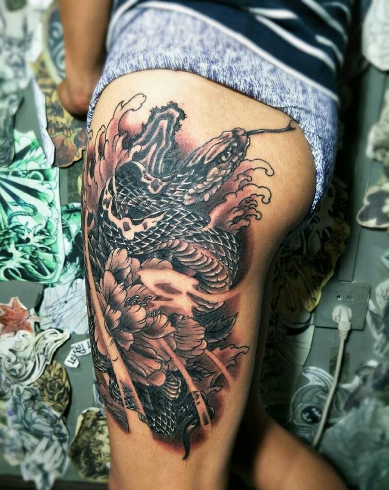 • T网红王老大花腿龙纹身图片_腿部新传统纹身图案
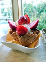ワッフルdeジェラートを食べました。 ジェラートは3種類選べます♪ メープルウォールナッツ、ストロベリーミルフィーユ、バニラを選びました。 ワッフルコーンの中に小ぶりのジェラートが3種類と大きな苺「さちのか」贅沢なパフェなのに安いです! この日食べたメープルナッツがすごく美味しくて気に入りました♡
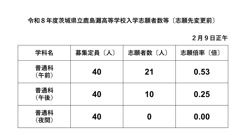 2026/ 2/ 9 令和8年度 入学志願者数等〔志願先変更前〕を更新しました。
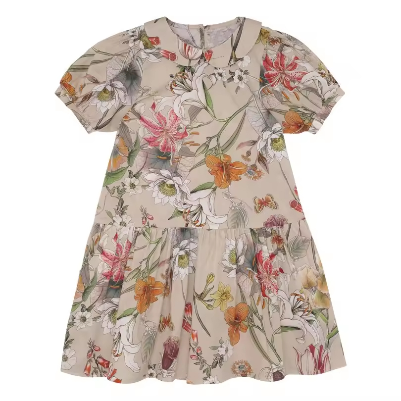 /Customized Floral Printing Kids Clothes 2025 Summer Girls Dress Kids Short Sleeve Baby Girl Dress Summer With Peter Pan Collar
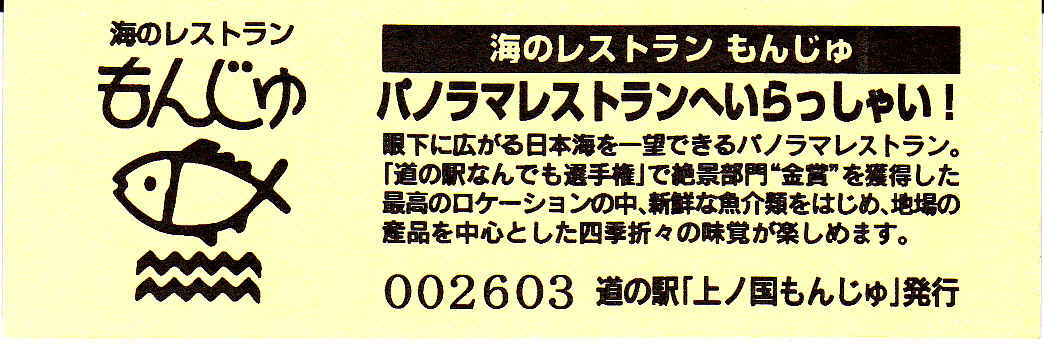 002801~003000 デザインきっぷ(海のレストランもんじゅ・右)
◆ ◆ ◆ ◆
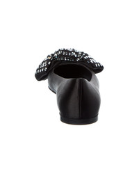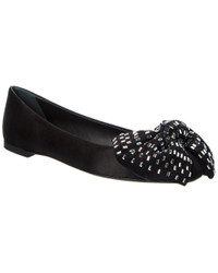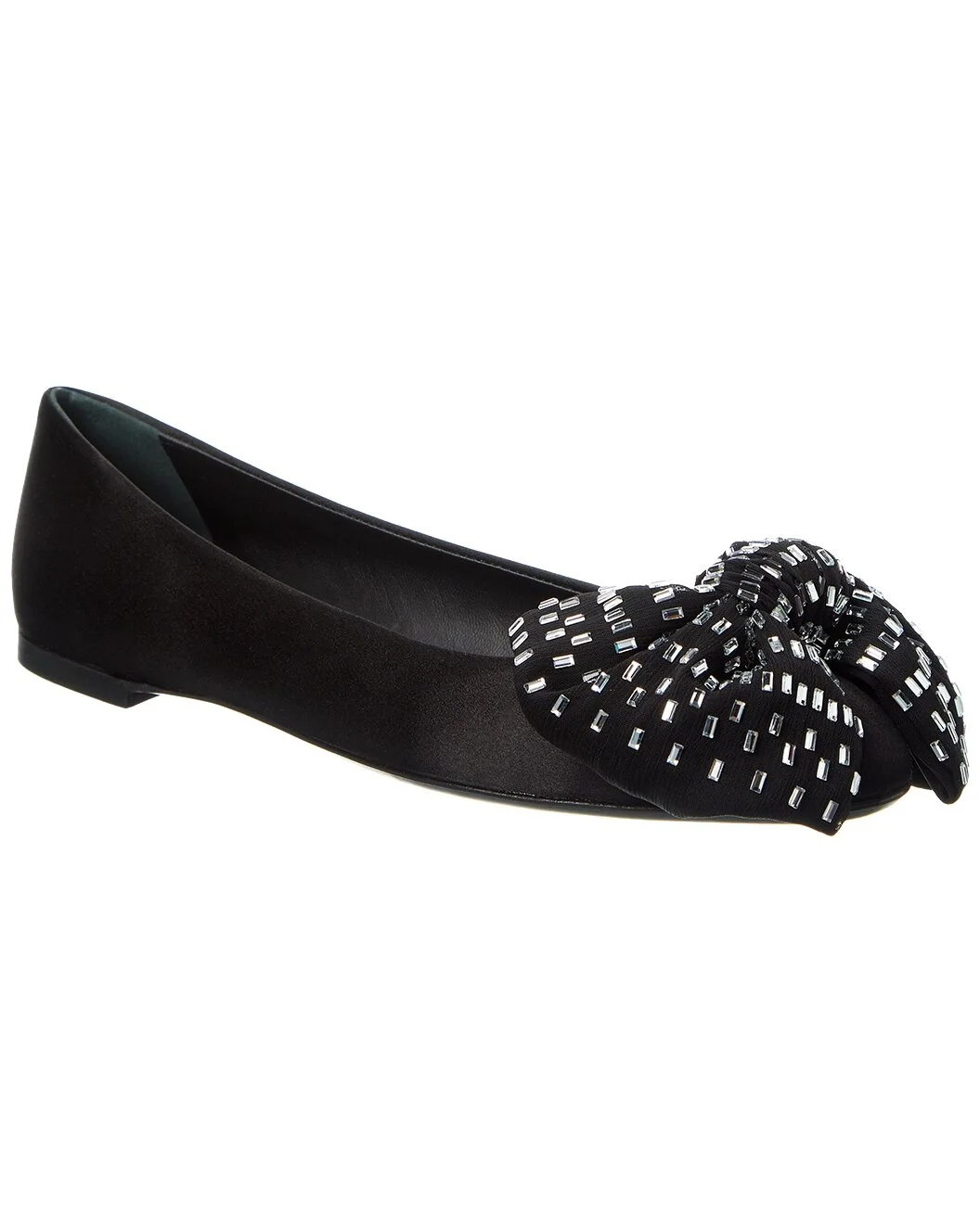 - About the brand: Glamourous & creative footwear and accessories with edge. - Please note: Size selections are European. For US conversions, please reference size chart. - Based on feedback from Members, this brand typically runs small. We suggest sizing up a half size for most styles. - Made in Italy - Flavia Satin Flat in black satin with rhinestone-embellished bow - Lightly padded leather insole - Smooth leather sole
◆ ◆ ◆ ◆
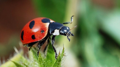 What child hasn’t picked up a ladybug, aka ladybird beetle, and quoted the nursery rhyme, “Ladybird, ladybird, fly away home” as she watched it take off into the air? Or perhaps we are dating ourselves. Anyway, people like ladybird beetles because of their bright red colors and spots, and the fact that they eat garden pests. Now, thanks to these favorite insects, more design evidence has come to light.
◆ ◆ ◆ ◆
● **TASK OBJECTIVE**
Repeat exactly the lines above, from the line that contains "2026/ 2/ 9 令和8年度 入学志願者数等〔志願先変更前〕を更新しました。" down through the line that contains "002801~003000 デザインきっぷ(海のレストランもんじゅ・右)". Include both of those lines and none of the pictures.

● **REPLY**
 2026/ 2/ 9 令和8年度 入学志願者数等〔志願先変更前〕を更新しました。
 /Customized Floral Printing Kids Clothes 2025 Summer Girls Dress Kids Short Sleeve Baby Girl Dress Summer With Peter Pan Collar
 002801~003000 デザインきっぷ(海のレストランもんじゅ・右)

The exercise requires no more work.